Re: [sqlite] Reads and Writes

2005-06-14 Thread Dan Kennedy

> I can imagine a protocol that will improve performance by keeping track
> of whether the database was updated, which would allow a quick
> determination whether a program's cache was still valid. The idea is to
> increment a 'version number' in the database file as soon as a program
> obtains a write lock. A reader could then determine whether the file was
> written to and flush the cache only when necessary, speeding things up a
> little. A 128 bit counter should never wrap around.

Such a counter (32-bits only) was included in the file-format for 
version 3. Current versions of the library update the counter every commit, 
but it's not being used to allow persistent caches yet. I think such a change 
would require a lot of testing before it would be safe enough to use.

And as you say, sophisticated operating systems do a pretty good job of 
caching the file anyway.





__ 
Discover Yahoo! 
Find restaurants, movies, travel and more fun for the weekend. Check it out! 
http://discover.yahoo.com/weekend.html 



Re: [sqlite] Reads and Writes

2005-06-14 Thread Gé Weijers
Sean Heber wrote:

>
>
> My database file is only around 4MB and I have set the 
> default_cache_size to 5.  From what I've read, that should 
> translate to almost 50MB of cache size which would be more than 
> enough to keep the entire database in memory, I'd think.  Yet it 
> doesn't seem to actually do that since it is reading from the file so 
> often.

SQLite cannot know whether the database file has been modified by
another process once it releases its file locks, so it needs to read
everything again. If you wrap multiple queries in a transaction the file
stays locked and cache remains valid, and the number of seeks/reads
should go down.

After SQLite obtains a read lock it will have to perform at least the
following:
- check the file header to check for corruption
- check for a hot transaction log, and roll back changes if necessary
- read the database schema from the sqlite_master table

This is the most likely cause of the repetitive behavior you're seeing.

That said: the OS will of course cache the database file as well, and
many of the 'read' calls will be very fast.

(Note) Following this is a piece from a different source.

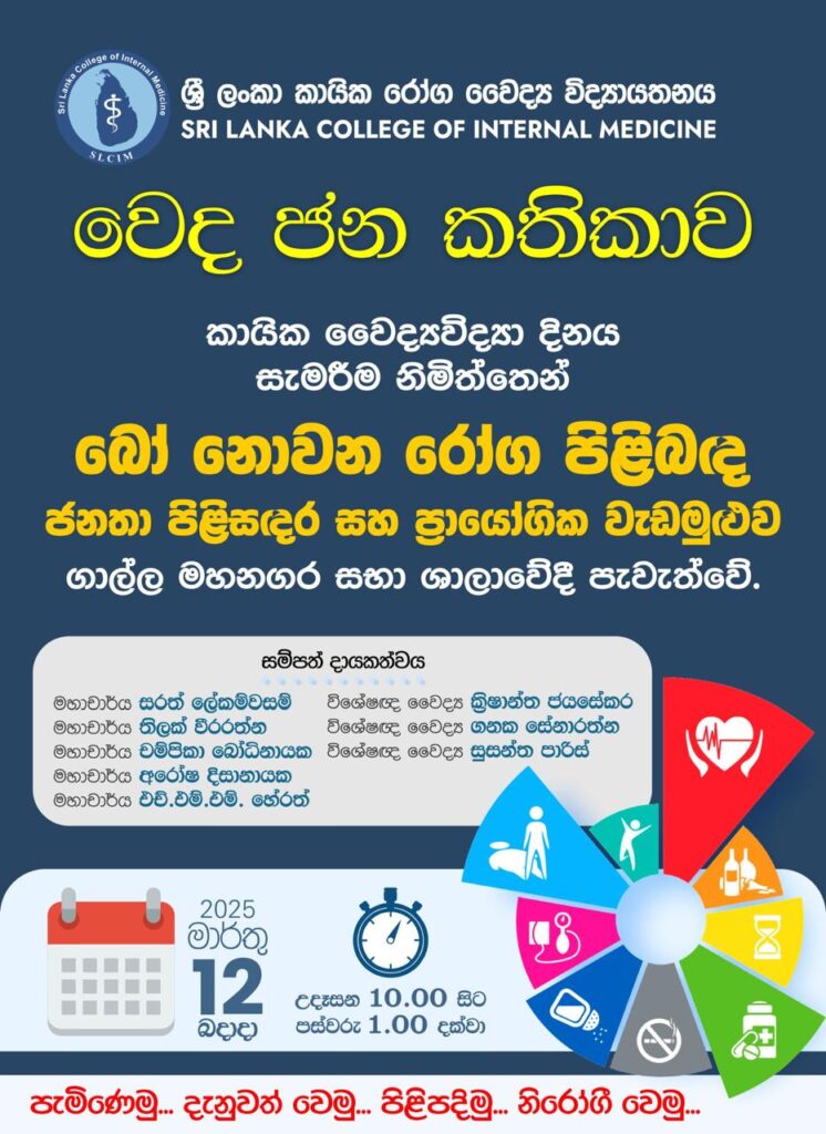 ශ්රී ලංකා කායික රෝග වෛද්ය විද්යායතනයේ 09 වැනි සංවත්සරය වෙනුවෙන් සහ කායික වෛද්ය විද්යා දිනය සැමරීම අරමුණු කරගනිමින්, මෙය සංවිධානය කර ඇති අතර එහි දී බෝනොවන රෝග පිළිබඳ ජනතා පිළිසඳරක් සහ ප්රායෝගික වැඩමුළුවක් පැවැත්වේ.

I can imagine a protocol that will improve performance by keeping track
of whether the database was updated, which would allow a quick
determination whether a program's cache was still valid. The idea is to
increment a 'version number' in the database file as soon as a program
obtains a write lock. A reader could then determine whether the file was
written to and flush the cache only when necessary, speeding things up a
little. A 128 bit counter should never wrap around.


Gé

-- 
Ge' Weijers
e-mail: [EMAIL PROTECTED]
tel:  (520)623-8542



[sqlite] Reads and Writes

2005-06-14 Thread Sean Heber
My program has a lot of simple select queries.  Most of them are of  
the "select count() from... " variety.  These are very simple queries  
where there is a single WHERE clause and the columns referenced are  
either a primary key column or another indexed column.


I would expect the database to keep the indexes in memory and thus  
have virtually no need to go to disk when doing these count() queries  
and such.  Yet when I do an strace on the process, I see significant  
read() and seek() calls on the database file.  What are the  
conditions for when it needs to read from the database file?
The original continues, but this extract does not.